January 14, 2008: The day the market lost faith in Apple - mbateman
http://www.asymco.com/2011/01/12/remembering-january-14-2008-the-day-the-market-lost-faith-in-apple/
======
mdwrigh2
Also potentially relevant, from the article's comments.

Eric D. : "Steve Jobs looked thinner during that presentation than we'd seen
him before. And over the next few months, he lost more weight. The market,
rightly or wrongly, believes Apple's fortunes are tied to Jobs.

You mean Android hegemony, right?"

------
brudgers
> _" I’m hoping someone can explain this because to me it makes no sense."_

It might be because 2008 was a letdown to the press compared with 2006 (Intel)
and 2007 (iPhone). The press was looking for a major new products and
significant improvements to existing product lines - see:
[http://gizmodo.com/343246/what-to-expect-at-
macworld-2008-an...](http://gizmodo.com/343246/what-to-expect-at-
macworld-2008-and-why-we-think-it-will-be-bigger-than-usual)
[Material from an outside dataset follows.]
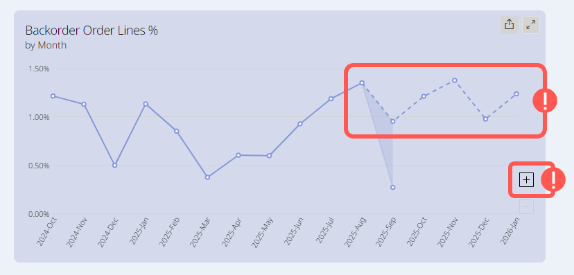 For trend charts, zoom control buttons may be available. Zooming in on the timeline can reveal a future trend forecast based on historical data.
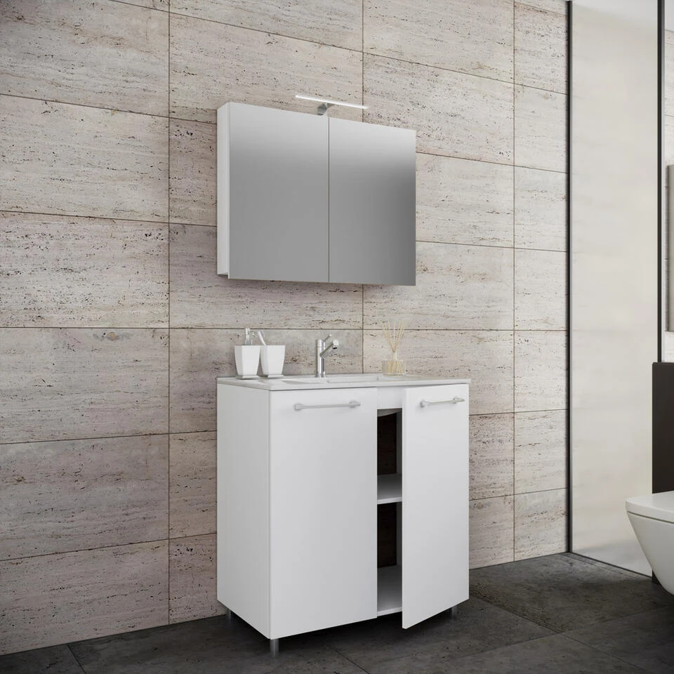 Gilos badkamer spiegelkast 80 cm zonder verlichting, wit. 1 badmeubel met wastafel zonder kraan, 2 deuren, 1 spiegelkast. Binnen: 4 vakken. Spiegel: 59x80x12. Je ontvangt meubels van een goede kwaliteit met een aangenaam comfort, gemaakt in een stijlvol en mooi design. Onze meubels zijn zeer aantrekkelijk geprijsd. Creëer uw eigen persoonlijke stijl met een nieuw meubel. Combineer met kleinmeubels of een paar mooie woonaccessoires. Hier verkrijg je de nieuwe woningtrends, zoals je ze in tijdschriften en magazines ziet. Bij ons vindt u unieke, praktische en comfortabele meubels met elk zijn eigen, mooi en apart design.

Sure the Air generated some buzz, but importantly the Gizmodos of the world
were predicting it would be "Bigger than Usual" The big news came later in the
year with the Appstore and Apple was moving towards announcing new products in
the summer rather than at the new year (this New Year's announcement wasn't
even made by Apple but by Verizon).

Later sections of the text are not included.